Eukaryotic RNA-Interference

In eukaryotes, the term “RNA silencing” refers to a group of mechanistically related pathways that produce short non-coding RNAs for sequence-specific gene regulation. This is an evolutionarily conserved process that may have originally evolved as a defense mechanism against viruses and other foreign nucleic acids.9-12 Long double-stranded RNAs (dsRNAs) produced during a viral infection are recognized as antigens, and the dsRNA is processed into 21-nt small interfering RNAs (siRNAs) by a dedicated RNase III enzyme called Dicer.13,14 One strand of the siRNA is loaded into an Argonaute protein (AGO)-containing regulatory complex, where the siRNA serves as a sequence-specific guide that delivers the AGO nuclease to invading viral nucleic acids.15 To subvert this immune system, many viruses have evolved counter defensive strategies that suppress RNAi.16-18 Viral suppressors of RNAi (VSRs) are diverse in sequence and in their mechanism of immune system attenuation.16 Many VSRs circumvent antiviral RNAi by coating dsRNA and preventing it from coming into contact with the host’s RNAi machinery (dsRNA binding proteins), while other VSRs target steps downstream of dsRNA detection (Fig. 1).

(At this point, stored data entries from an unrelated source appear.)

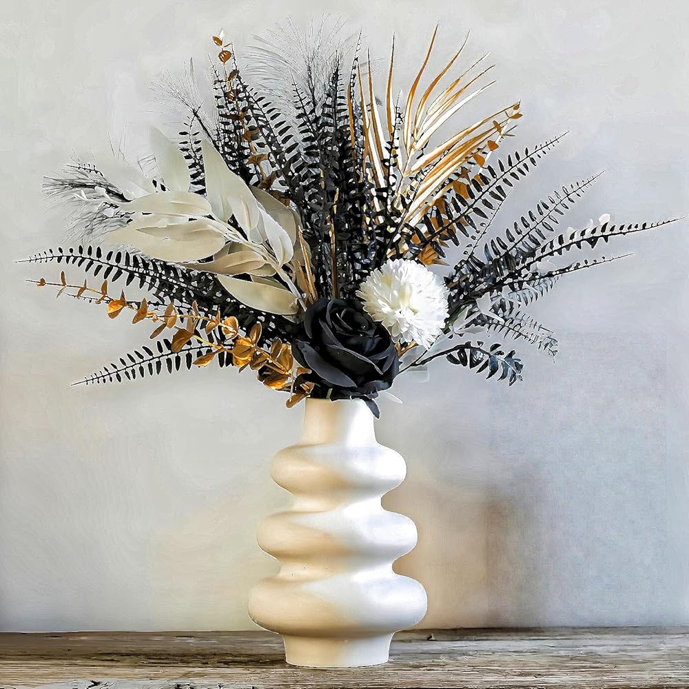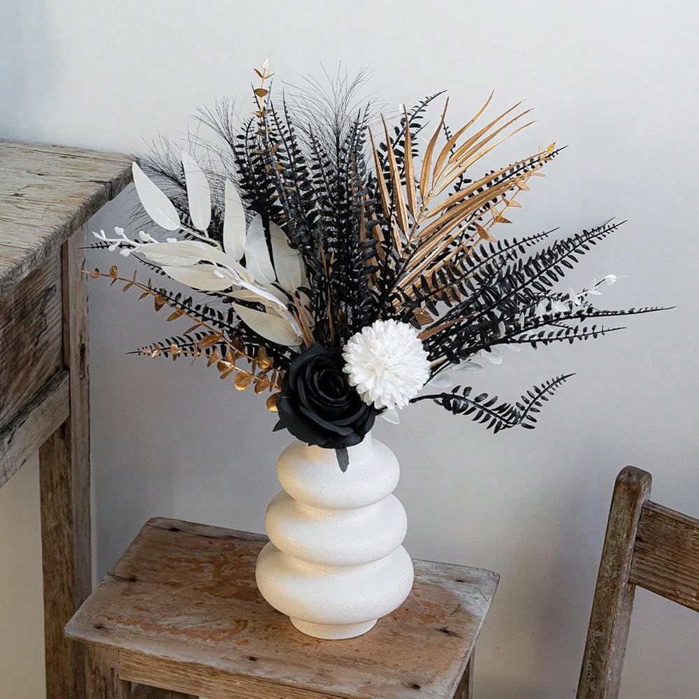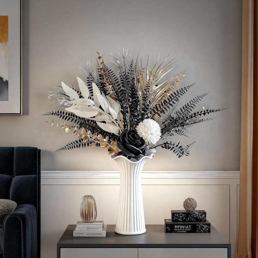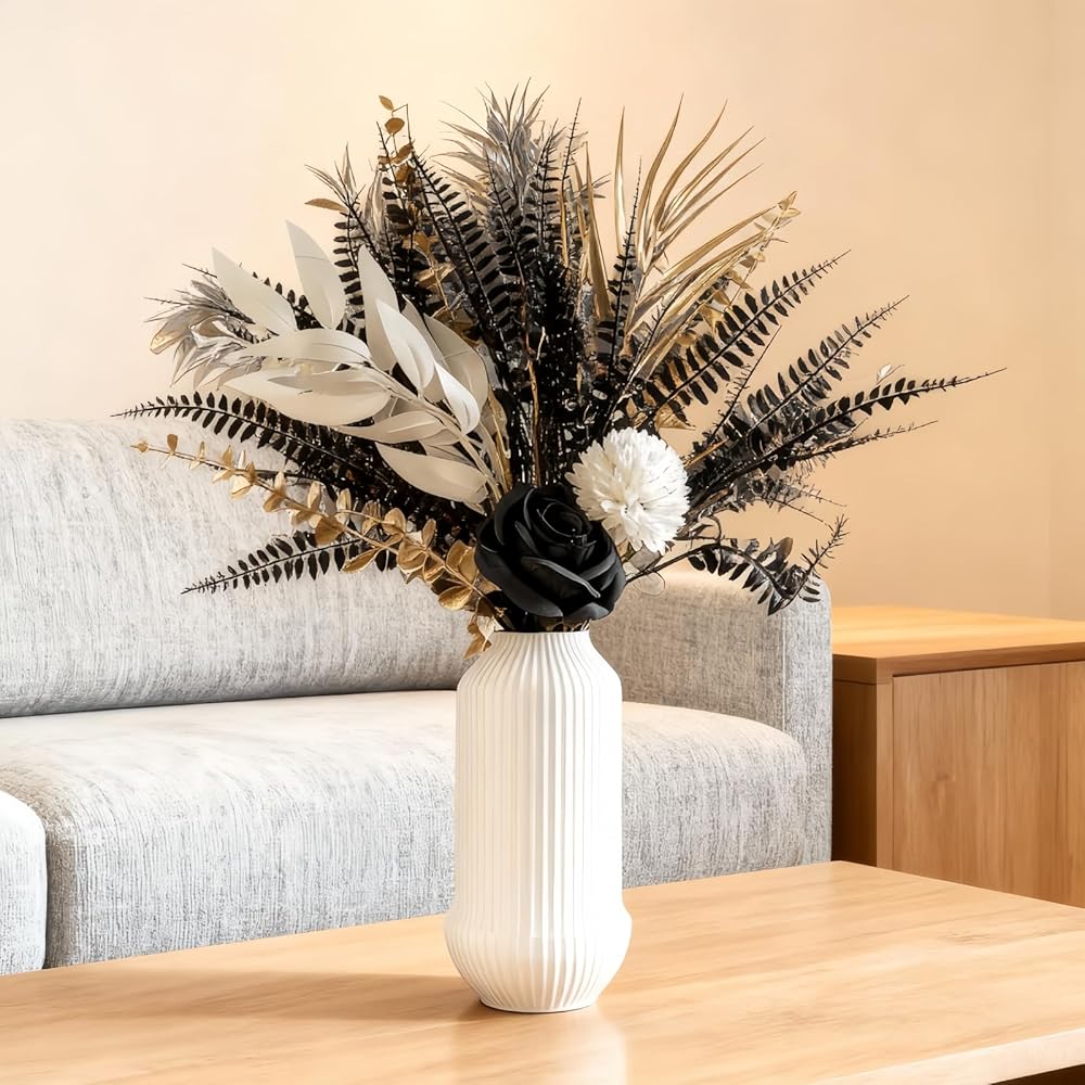 سوف تحصل على: باقة واقعية على طراز Dark Academy و Victorian Gothic، مكونة من اللون الأسود والأبيض والذهبي، بطول إجمالي 17 بوصة. المزهرية الموضحة في الصورة غير متضمنة في بيع المنتج، لذلك يمكنك الجمع بين هذه السيقان المذهلة مع الحاوية المفضلة لديك بحرية. قم بإنشاء تنسيق زهور فريد يناسب تمامًا أسلوبك الشخصي الفريد وجماليات منزلك.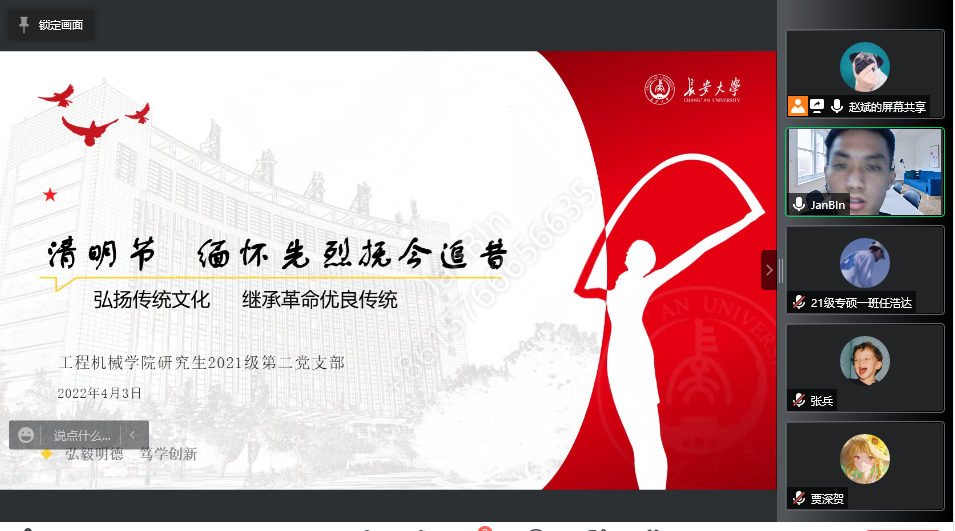 清明将至,为悼念革命先烈,缅怀先烈的丰功伟绩,2022年4月3日晚20:00,51吃瓜 硕士生2021级第二党支部组织支部党员线上举办清明节“缅怀先烈、抚今追昔”主题活动。全体党员参加了此次支部活动,本次活动由支部书记许章彬同志主持。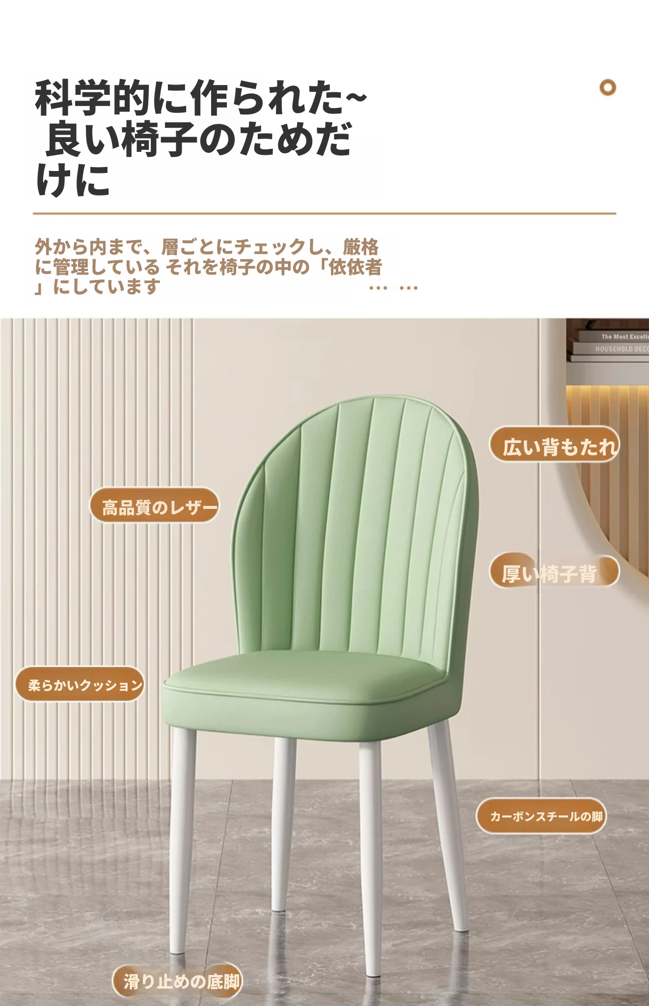 北欧風モダンシンプル背もたれ付きダイニングチェア|家庭用・カフェ用|快適なソフトパッキング|リラックスできるクリームカラーのテーブルチェア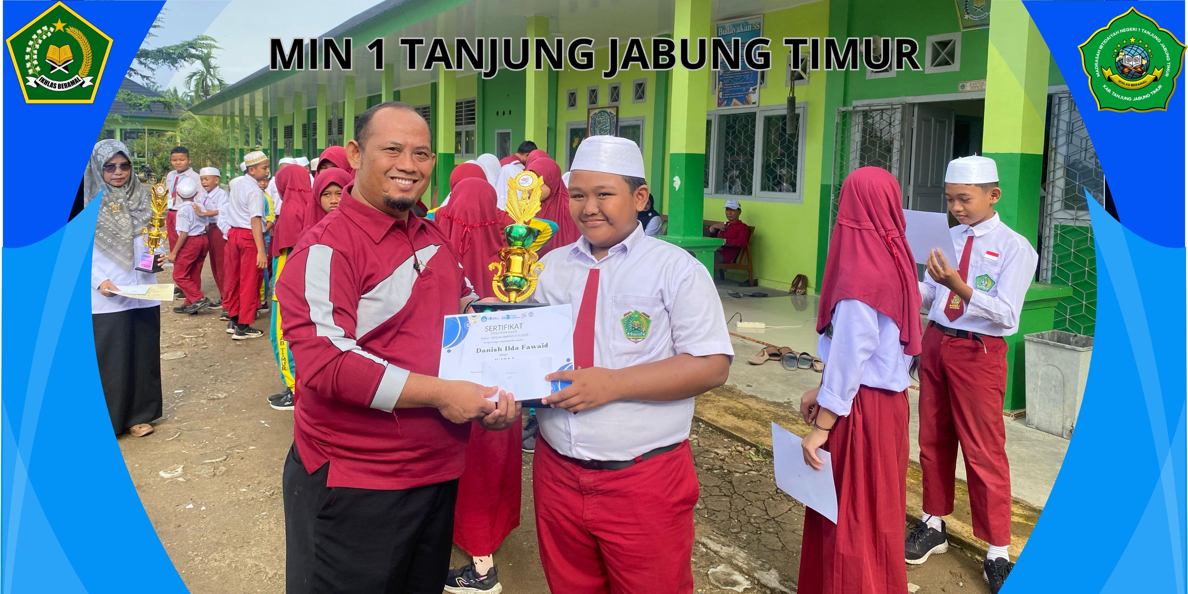 "Sekali lagi selamat kepada seluruh pemenang, bagi yang belum ayo terus berusaha dan yakinlah ini merupakan kemenangan yang tertunda. Dan percayalah kalian semua juaranya. Dan sekali lagi terima kasih sebab telah mengharumkan nama MIN 1 Tanjab Timur," tambahnya.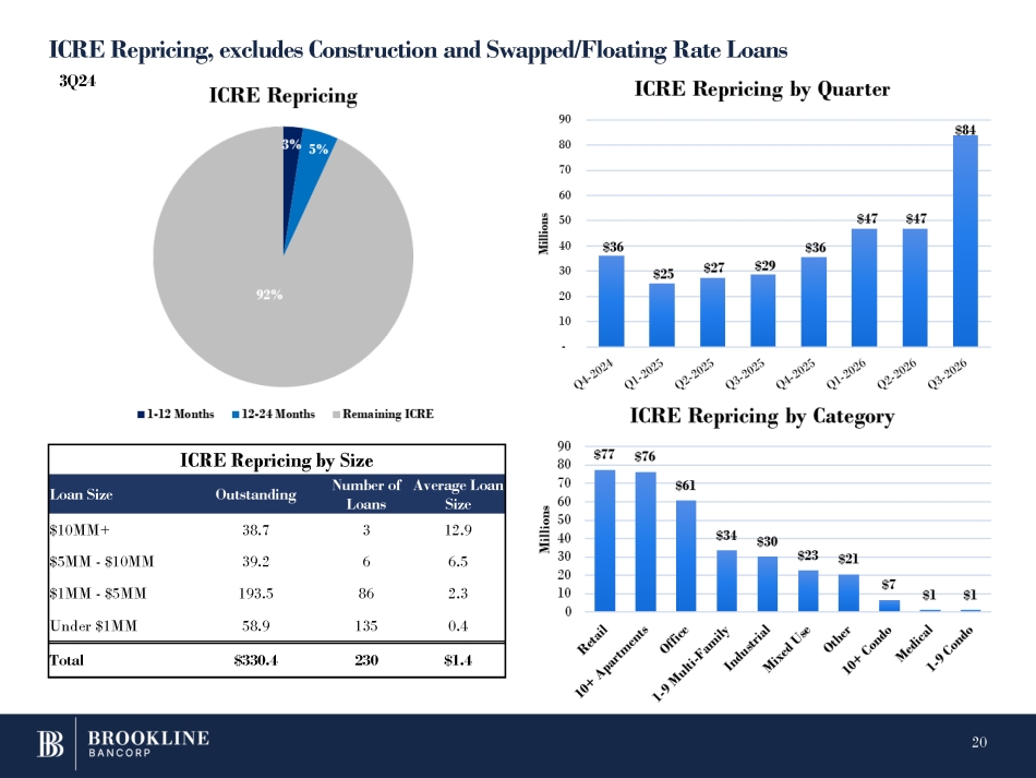 ICRE Repricing, excludes Construction and Swapped/Floating Rate Loans 3Q24 ICRE Repricing by Size Average Loan Size Number of Loans Outstanding Loan Size 12.9 3 38.7 $10MM+ 6.5 6 39.2 $5MM - $10MM 2.3 86 193.5 $1MM - $5MM 0.4 135 58.9 Under $1MM $1.4 230 $330.4 Total 20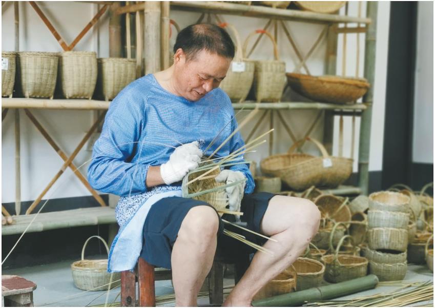 八月一日,“篾艺竹坊”的业主许本银在编竹篓。 本报记者 吕扬摄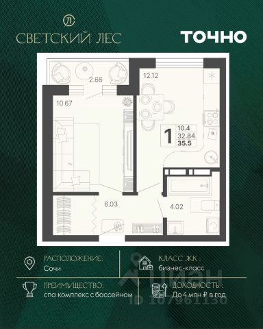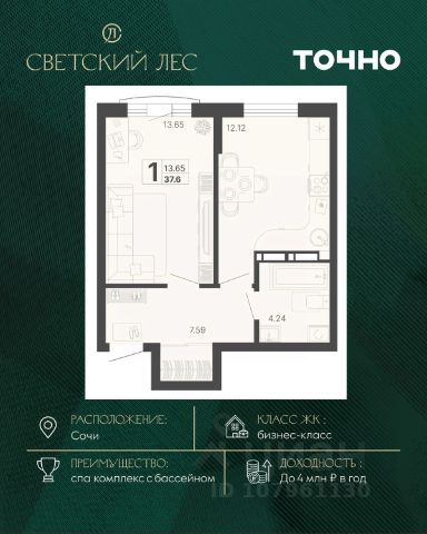 • ✓ В базе Циан 42 1-комнатных квартир на 12 этаже в микрорайоне КСМ в городе Сочи

CRISPR RNA-Guided Adaptive Immune Systems

CRISPRs are essential components of diverse nucleic-acid-based adaptive immune systems that are widespread in bacteria and archaea (Fig. 1). Each CRISPR locus consists of a series of short direct repeats that are separated by non-repetitive “spacer” sequences derived from foreign genetic elements. In response to viral or plasmid challenge, new spacer sequences are added to one end of the CRISPR locus and in this way CRISPR loci serve as molecular “vaccination cards” that maintain a chronological genetic record of prior encounters with foreign nucleic acid invaders. New sequence acquisition is the first step toward adaptive immunity, but acquisition alone does not provide long-term protection. CRISPR loci are transcribed, and the long primary transcript is processed into a library of short CRISPR-derived RNAs (crRNAs) that each contains a short sequence that was derived from and is complementary to a previously encountered invader. Each crRNA is bound by one or more CRISPR-associated proteins (Cas) and the resulting ribonucleoprotein complexes serve as surveillance systems that patrol the intracellular environment for foreign nucleic acid targets that are complementary to the crRNA-guide sequence.19-24 Viruses with mutations in specific regions of the target sequence escape detection by the crRNA-guided surveillance systems,25-28 and as a consequence of this selective pressure, CRISPR may play an influential role in maintaining sequence diversity in phage genomes.29-32 However, mutations are often associated with a fitness cost and alternative escape mechanisms are anticipated.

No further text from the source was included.